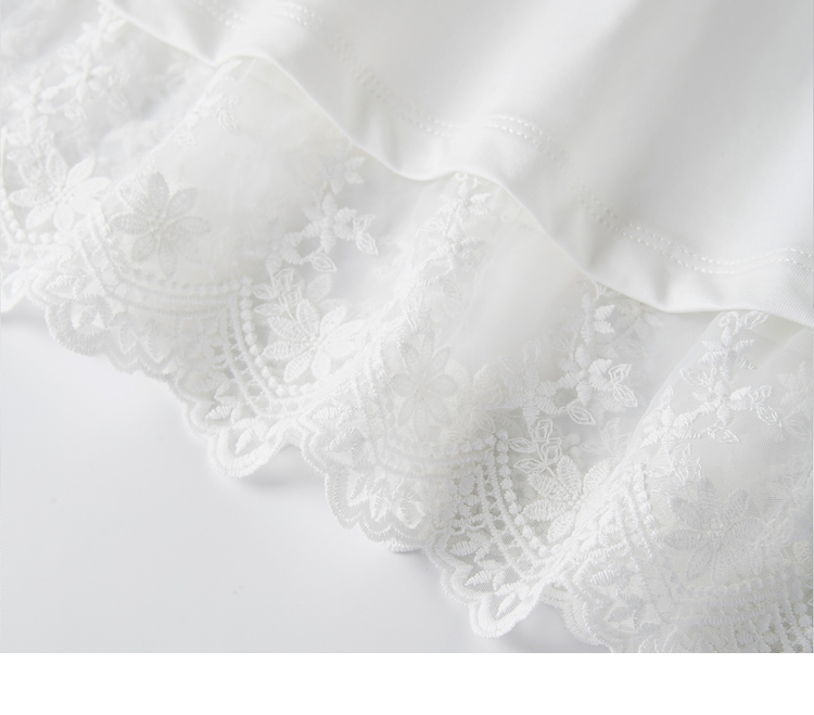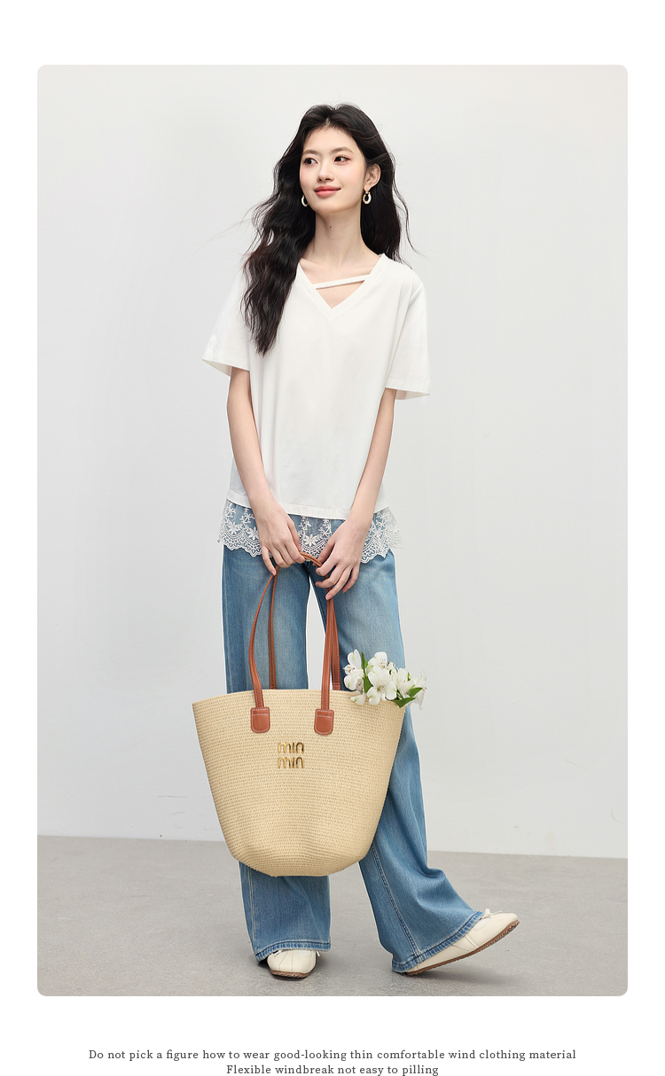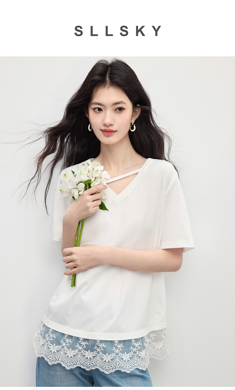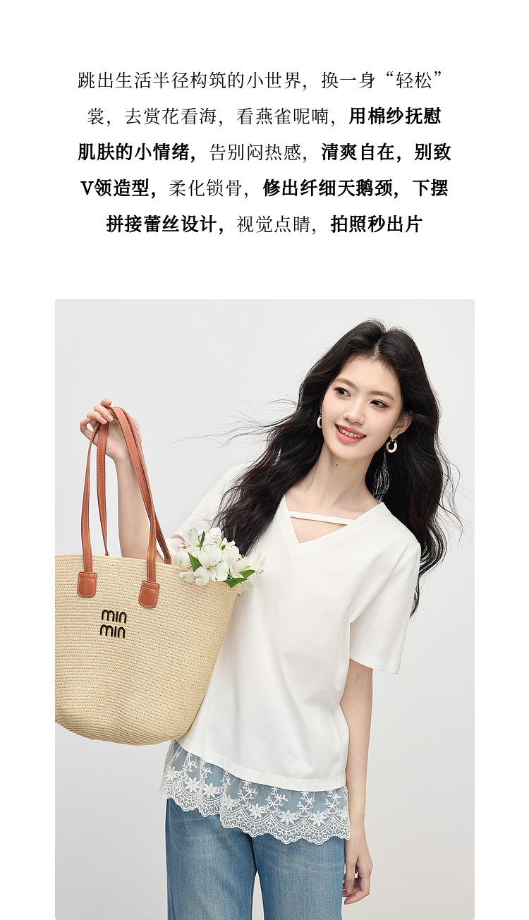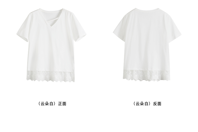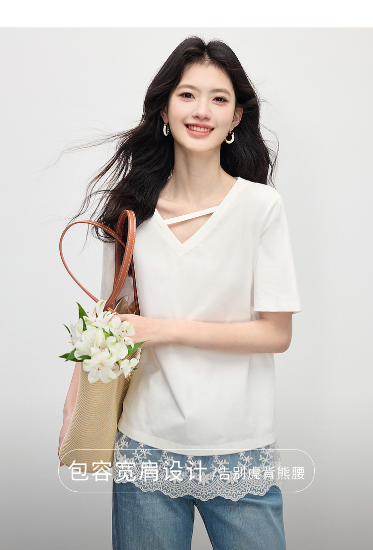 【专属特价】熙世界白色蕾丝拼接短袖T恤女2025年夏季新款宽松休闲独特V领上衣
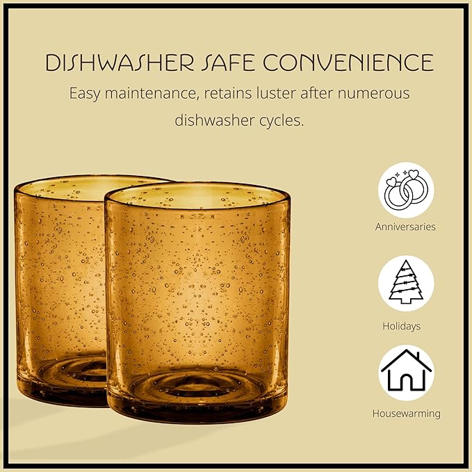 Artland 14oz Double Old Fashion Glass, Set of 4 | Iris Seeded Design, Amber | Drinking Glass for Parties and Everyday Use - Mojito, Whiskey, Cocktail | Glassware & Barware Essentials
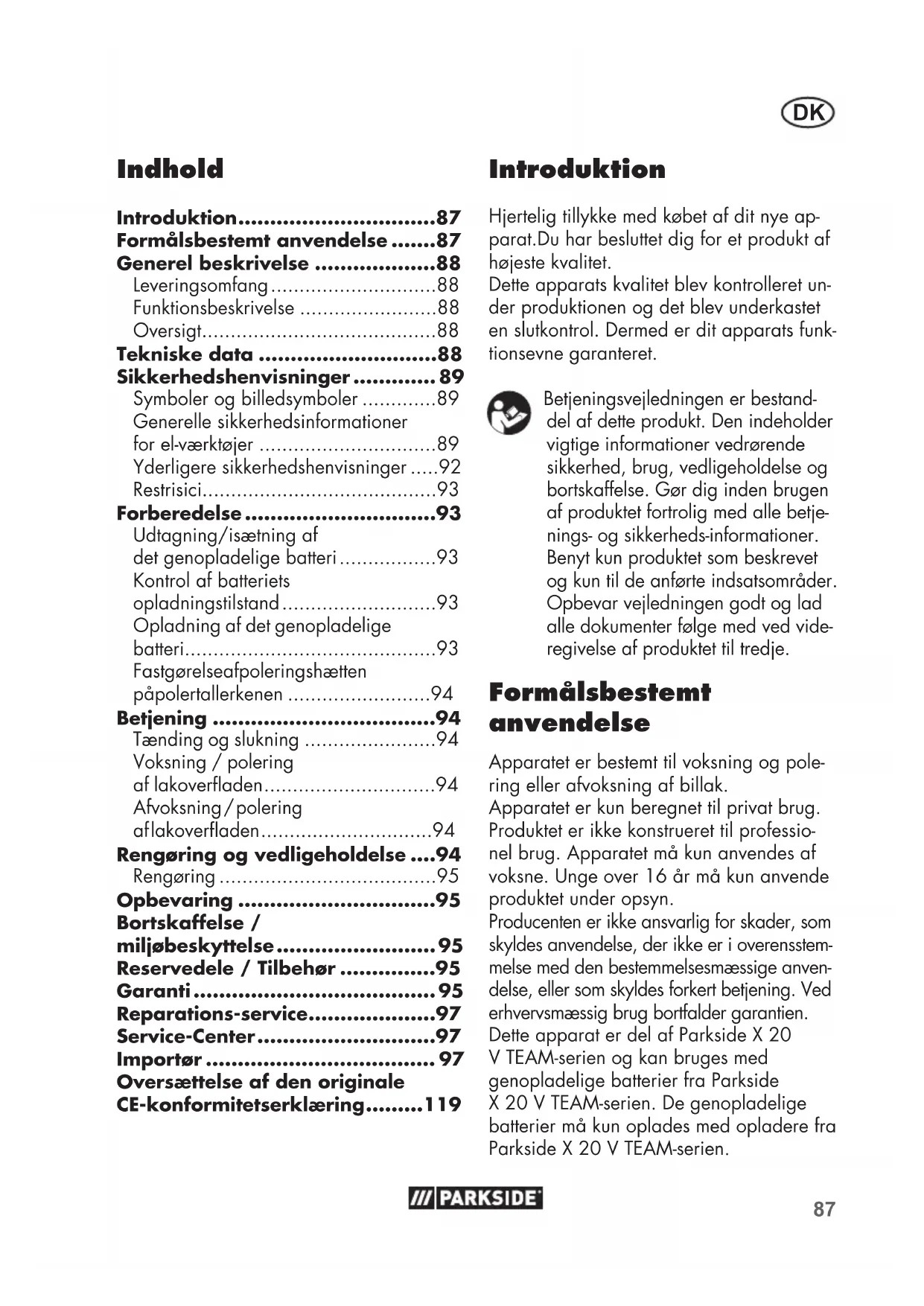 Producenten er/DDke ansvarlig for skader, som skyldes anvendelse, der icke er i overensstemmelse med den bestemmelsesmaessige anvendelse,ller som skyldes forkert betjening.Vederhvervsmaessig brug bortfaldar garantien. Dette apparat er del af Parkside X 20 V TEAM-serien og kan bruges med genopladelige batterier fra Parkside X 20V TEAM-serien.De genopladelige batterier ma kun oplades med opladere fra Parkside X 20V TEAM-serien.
============================================================
*What this task involves:*
The response should hold only an exact retyping of the lines from the beginning of the data through the line containing "Artland 14oz Double", both ends kept, pictures omitted.

*Reply to the exercise:*
 【专属特价】熙世界白色蕾丝拼接短袖T恤女2025年夏季新款宽松休闲独特V领上衣
 Artland 14oz Double Old Fashion Glass, Set of 4 | Iris Seeded Design, Amber | Drinking Glass for Parties and Everyday Use - Mojito, Whiskey, Cocktail | Glassware & Barware Essentials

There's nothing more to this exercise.